Professor Barbara Dutrow, BSc, MSc, PhD

Abstract:

Minerals, the naturally occurring crystalline chemical solids, comprising planet Earth underpin many societal advances. From the beginnings of humankind, Earth’s minerals have been essential for artistic expression, scientific and technological advances, and for the well-being of society. Prior to written language, paintings made of mineral pigments decorated caves. Personal adornment exploited a wide variety of mineral gemstones that continues today. Early Homo sapiens separated different minerals based on their physical properties, advancing uses for food gathering and protection. Utilization of these minerals defines the Ages of Humankind: Stone, Bronze, Iron and Technological ages [1]. Ben Franklin used the pyroelectric and piezoelectric properties of the mineral tourmaline for supporting his theory of electricity.  Diamond, nature’s hardest substance, is not only a highly prized gemstone but has a myriad of applications such as a substrate for electronics due to the exceptional 3D heat transporting properties. Two areas underscore the criticality of minerals to the science and technological needs leading to a more sustainable future.
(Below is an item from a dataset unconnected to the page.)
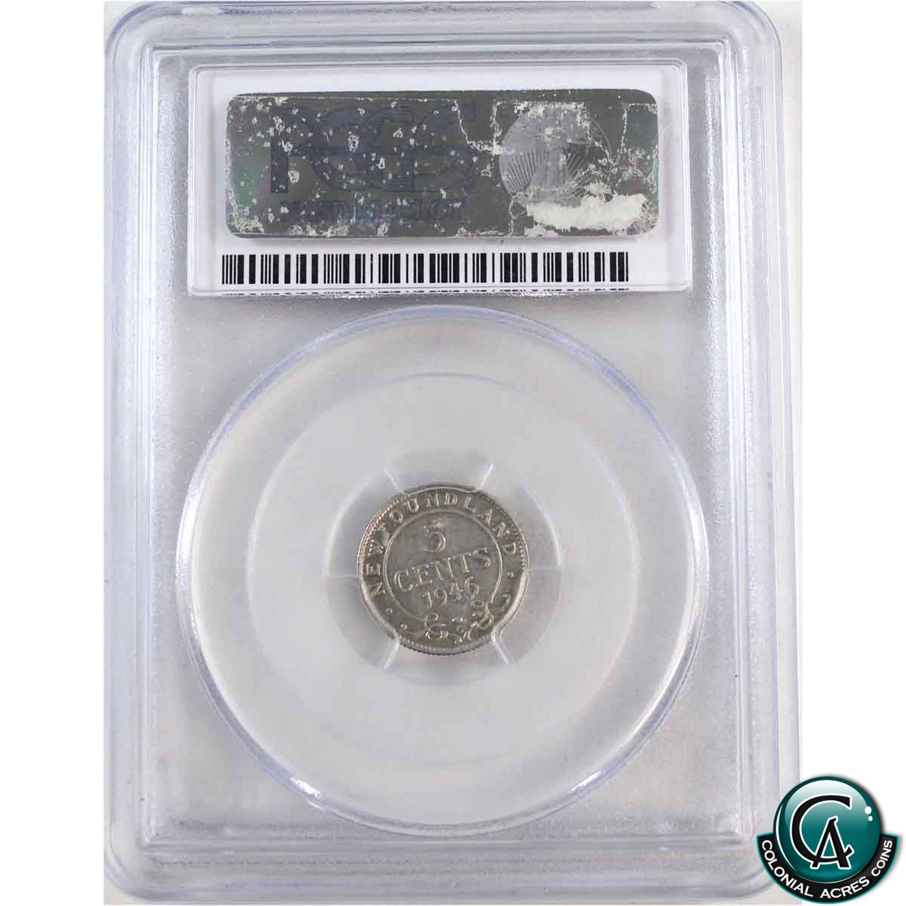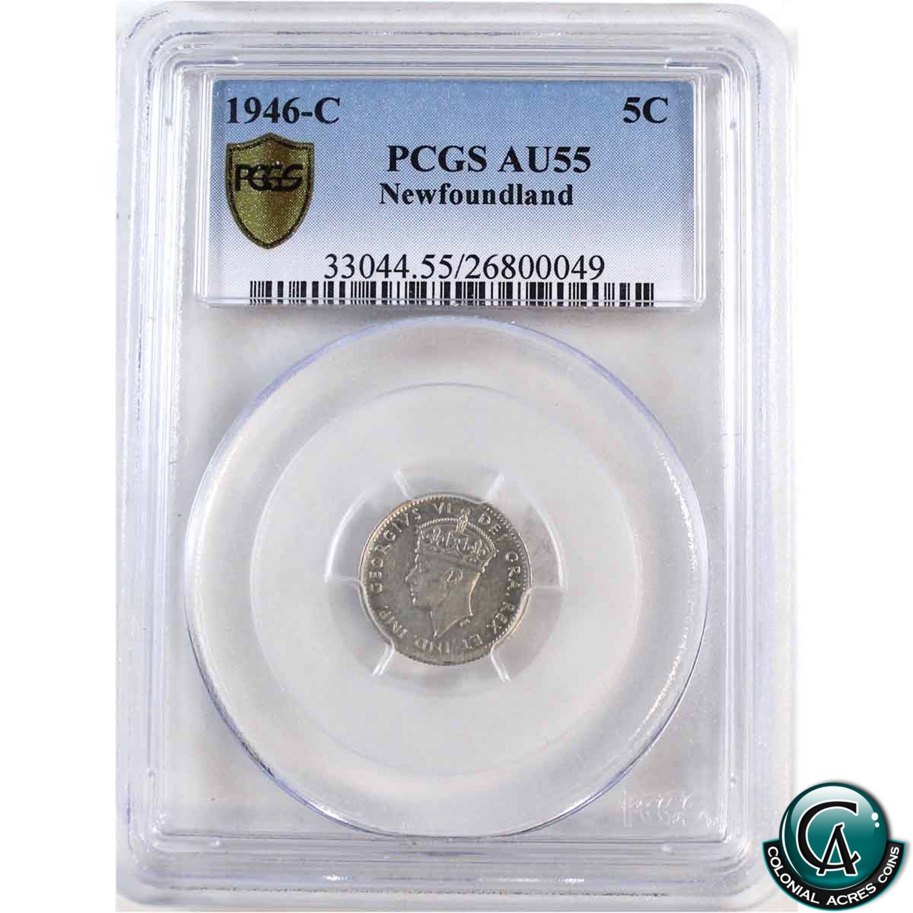 Newfoundland 5-cent 1946C PCGS Certified AU-55

The chemical constituents extracted from minerals power advances in the clean energy transition. Predictions indicate that total mineral demand from clean energy technologies will double to quadruple depending on the scenario [2]. Battery storage materials (lithium, graphite, cobalt, nickel, manganese) account for nearly half of the mineral requirements. Some minerals find application essentially as the occur, e.g. graphite and copper, whereas others are refined to extract their constituents; the critical elements needed across the spectrum of existing and proposed new technologies. As examples, rare earth elements (REEs), with unique properties essential to hybrid and electric cars, high-strength magnets for wind turbines and as components in solar photovoltaic cells, are housed in unusual minerals (RE phosphates) or adsorbed onto their surfaces (e.g. clays). Uncommon geochemical environments are required to concentrate these trace elements, with an average of ~169 𝜇g/g in the continental crust [3], into deposits that can be mined profitably. A 50% increase in demand is projected in 10 years [2]. REE deposits are not uniformly distributed across Earth’s surface, creating countries with few resources and those with abundant resources. Lithium, a critical element for batteries, is extracted largely from minerals and must similarly be concentrated into an extractable ore. Lithium is rare in the bulk silicate earth (~1.39 𝜇g/g on average) but concentrated in the upper continental crust from ~21 𝜇g/g to 7,000 𝜇g/g [4]. Of the 124 known Li minerals, about 73% are silicates of which about four occur in sufficient quantities to be mined. Nearly 50% of the world’s lithium derives from minerals in one country, Australia [4]. While many countries have reserves, also in brines, over 40 times the current demand will be needed by 2040 in the scenario of rechargeable batteries [2]. From aluminum to zinc, the elements extracted from minerals form the basis for advanced materials. The global energy transition has far-reaching consequences for mineral demand over the next few decades.

Geothermal energy is a sustainable and clean source of power that harnesses heat from within the Earth, typically involving circulation of hot fluids. However, understanding the long-term evolution of high-temperature geothermal systems remains challenging. Two primary approaches are used to investigate these systems: (1) numerical modelling of geothermal processes, and (2) analyzing minerals that form within the system. Geothermal (hydrothermal) systems are modelled as a complex interplay of non-linear thermal, mechanical, and chemical feedback among fluids and minerals [5]. Certain minerals can record thermal evolution by acting as natural thermometers. One such mineral is tourmaline, a chemically complex borosilicate that incorporates the fluid-mobile element boron. Tourmaline has an exceptional ability to capture geochemical and thermal conditions during its growth. Its crystallographic sectors partition chemical elements in a way that allows sector zoning to function as a mineral thermometer [6]. When geochemical conditions change rapidly, oscillatory zoning may develop, overlaying the intersector partitioning to create a detailed record of the system's thermal history. This approach is demonstrated by sector-, and oscillatory-zoned tourmalines from the Siglo XX hydrothermal system in Bolivia. Chemical analysis by the electron microprobe indicates that temperatures during tourmaline formation occurred at about 380°C, gradually dropped to around 300°C, and later rose again to approximately 470°C when growth ceased. Such findings showcase the power of mineral-based methods to reconstruct the thermal evolution of geothermal systems and complement traditional modelling techniques for understanding the system’s lifetime. As the world strives to a sustainable future, minerals play an essential role for the new, carbon-free, advanced technologies.